Below are guidelines on how to write up your report for the final project. These are only guidelines; you will need to adjust it to the problem you are investigating, but try to structure your report along these suggestions and make it look like an article. The length of the report should be 5-6 pages in 11 font. Please don't use the guidelines below as subtitles of your paper; these are just guidelines. Try to make it look like a published article. You can download the format files from this webpage (or other conferences) and submit in this format. Make sure to adjust the length if you submit in a two column format.

1. Introduction

Motivate and abstractly describe the problem you are addressing and how you are addressing it. What is the problem? Why is it important? What is your approach? What is the goal of your paper?
Provide a short discussion of how it fits into related work in the area.
Summarize the basic results, conclusions and contributions that you will present. All these apply equally to experimental papers, survey papers or theoretical papers.

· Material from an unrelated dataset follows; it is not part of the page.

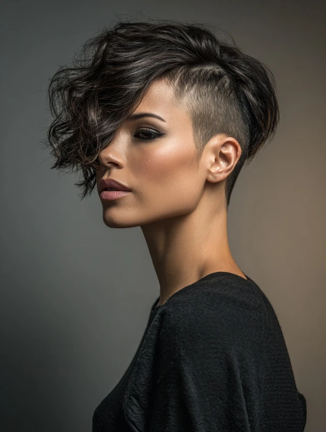Wavy side-shaved hair combines natural waves on the longer side with a bold shaved undercut. Works best for oval and square faces. Medium to thick wavy hair enhances texture and volume.

2. Problem Definition and Algorithms

2.1 Task Definition

Introduce the model and/or problem you are studying and define the notation you are going to use. Precisely define the problem you are addressing (e.g., formally specify the inputs and outputs). Elaborate on why this is an interesting and important problem.

2.2 Algorithm Definition

If you study learning algorithm(s) experimentally this is the place to present it. Describe in reasonable details the algorithm(s) you are using. A pseudo-code description of the algorithm you are using is frequently useful. Depending on the context, it may be useful to trace through a concrete example, showing how your algorithm processes this example.

2.3 Expectations

In case of an experimental study, discuss what you hope to achieve. How do you expect each algorithm to behave and why. Try to justify your hypothesis as rigorously as possible. Discuss how your expectations drive your experimental design.

3(i). Experimental Evaluation

3.1 Methodology

What are the criteria you are using to evaluate your method? Describe the experimental methodology that you used. What is the training/test data that was used, and why is it realistic or interesting? What performance data did you collect and how are you presenting and analyzing it?

3.2 Results

Present the quantitative results of your experiments. Graphical data presentation such as graphs and histograms are frequently better than tables. What are the basic differences revealed in the data. Are they statistically significant?

3.3 Discussion

Is your hypothesis supported? What conclusions do the results support about the strengths and weaknesses of your method compared to other methods? How can the results be explained in terms of the underlying properties of the algorithm and/or the data.

3(ii). Theoretical Evaluation

If you are writing a theoretical paper and/or a survey, this is the place for your analysis and contribution. Try to make it clear what parts of the work are presentation of known work, what is given a new look by your presentation and what is novel in your view of the problem.

4. Related Work

This part need not be exhaustive, but you need to know about some of the related work. Discuss the problem and method in the related work. How is your problem and method different? Why is your problem and method better?

5. Future Work

(Only if relevant)
What are the major shortcomings of your current method? For each shortcoming, propose additions or enhancements that would help overcome it.

6. Conclusion
Briefly summarize the important results and conclusions presented in the paper. What are the most important points illustrated by your work?